Extracting and analysing optical water quality data from satellites


Dalia Grendaitė


Water quality is an important issue in many human activities. Traditional methods to gain knowledge on water quality are accurate, but expensive and time consuming. Therefore, they do not cover all the water bodies and are usually taken just in one point of a lake. Yet, in larger water bodies differences of water quality between different stations might be large.

Satellite data can help to overcome the scarcity of water quality data. Using satellites we can obtain more frequent data across space and time. When it comes to using satellite data for water quality studies, it is important to remember that satellites monitor water optical features. In freshwater ecosystems there are three main optically active substances: chlorophyll-a pigment found in algae and cyanobacteria, suspended matter and coloured dissolved organic matter (also called yellow substances).

In this document we provide user friendly tools to retrieve biophysical data on lake class, describing its water quality. The method uses spectral features of water obtained through European Space Agency’s (ESA) Copernicus Sentinel-2 satellites. The method is based on machine learning random forest algorithm and assigns the lake to one of the four classes:

  1. Clear class. Such lakes have water transparency of >2 m in medium deep and deep lakes and >1.3 m in shallow lakes, low concentrations of optically active substances (they do not affect water spectral features). Lakes in this class usually also have good ecological status as defined in the EU Water Framework Directive.

  2. Moderate class. Water transparency is still good or high, but chlorophyll-a concentration is between 7 and 20 mg/m^3 (higher than in clear class), indicating light algal and cyanobacterial blooms.

  3. Chla-dominated class. Water transparency is <2 m in medium deep and deep lakes and <1.3 m in shallow lakes, the concentration of chlorophyll-a is often > 20 mg/m^3. Such lakes usually have bad or poor status.

  4. Turbid class. Water transparency is <2 m in medium deep and deep lakes and < 1.3 m in shallow lakes, but concentration of chlorophyll-a is similar to that in the moderate class (between 7 and 20 mg/m^3). Low water transparency is more likely related to higher concentrations of coloured dissolved matter.

Further details about the model and its validation are described in the open access paper by Grendaitė and Stonevičius (2022). The model accuracy on test set varied among classes: 27% for Turbid class, 70% for Chla-dominated class, 81% for Moderate class and 85% for the Clear class.

The code presented here adapts and applies the aforementioned model to any other lake coordinates. It first retrieves Sentinel-2 data using Google Earth engine (GEE). Then the data are filtered and class models applied.

Model code

To help you extract and process temperature data we have two user friendly tools. The main code to access and download the data from GEE is written in Python and is available through Google Colaboratory environment. Google Colaboratory is a free online resource which already has Python libraries installed, so you can run the scripts easily, even if you do not have programming skills. To access the satellite data collections through Google Earth Engine, you need to have a Google account(if you do not have Google account, you can sign up here. Then use your Google account to register for the Google Earth Engine, which will ask you to authorise your account.
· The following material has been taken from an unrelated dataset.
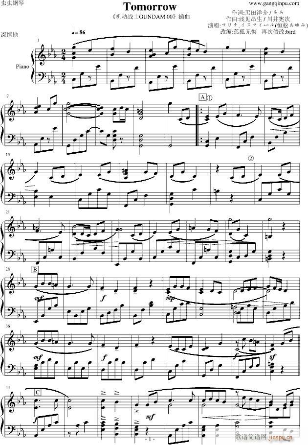 [钢琴谱]《机动战士GUNDAM 00》插曲--Tomorrow 动漫影视

Next you can go to the model scripts on Google Colaboratory using the link below

You will see a document that looks like this:

When you open the Google Colab notebook, make a copy of it in your own Google Drive (Select File and then Make a copy in Drive). You can edit your copy of the notebook, if you need, but don’t forget to save. Further instructions on how to use the notebook are found in the notebook itself.
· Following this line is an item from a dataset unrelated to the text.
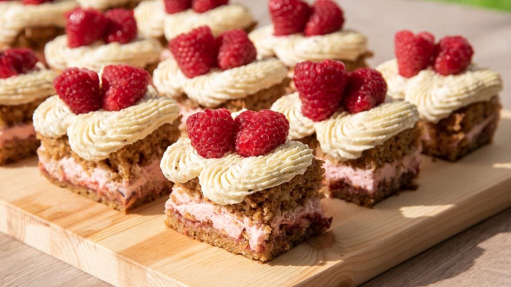 VIIMEISTELY: Tasoita leivoksen reunat, ja leikkaa leivos 12kpl tasakokoiseksi palaksi. Pursota hasselpähkinävoikreemi kauniiksi pursotuksiksi leivosten päälle. Koristele vielä tuoreilla vadelmilla. Nosta tarjoiluvadille.

To extract water quality (optical) data you will need to create and upload a csv file with codes, names and coordinates of you sites, like in this example file. You will also need to upload the auxiliary files with lake class classification models, which you can download here (but make sure you unzip the files before uploading them to the Google Colaboratory). The downloaded lake class data will look like this example file. In this example we only extract data for three lakes (three rows in the coordinate example file), but you can add as many lakes (rows) as you need. However, remember not to select coordinates close to the shore (ideally more than 50 meters) and select points that are at least 10 m away from each other as the spatial resolution of satellite data is 10 m.
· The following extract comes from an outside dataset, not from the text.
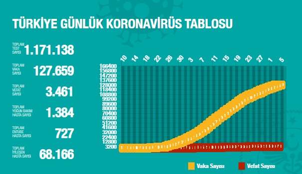 Türkiye'de 4 Mayıs'ta Covid_19'dan 64 toplamda 3.461 kişi öldü

Once you have the file with satellite data retrieved for the selected coordinates, you can use this R markdown script to plot your results, like in the image below. In this code we also compare satellite data with in situ monitoring data in Lithuanian lakes. If you want to look at the results of this script without having to run it, you can see it here

Application of the model

The model to assess lake class data could be used widely to monitor water quality across large scales and at high temporal resolution. As Europe is implementing its Water Framework Directive and has set the mission to Restore our ocean and waters wide scale availability of lake quality data is important. The code and algorithms presented here can be also used for various research projects, where scientists need to correlate biological characteristics to lake quality. The algorithm presented in this document was developed to obtain lake class for tempearte lakes, and further work should be done to test how well it applies to lakes in, for example, tropical or arid regions.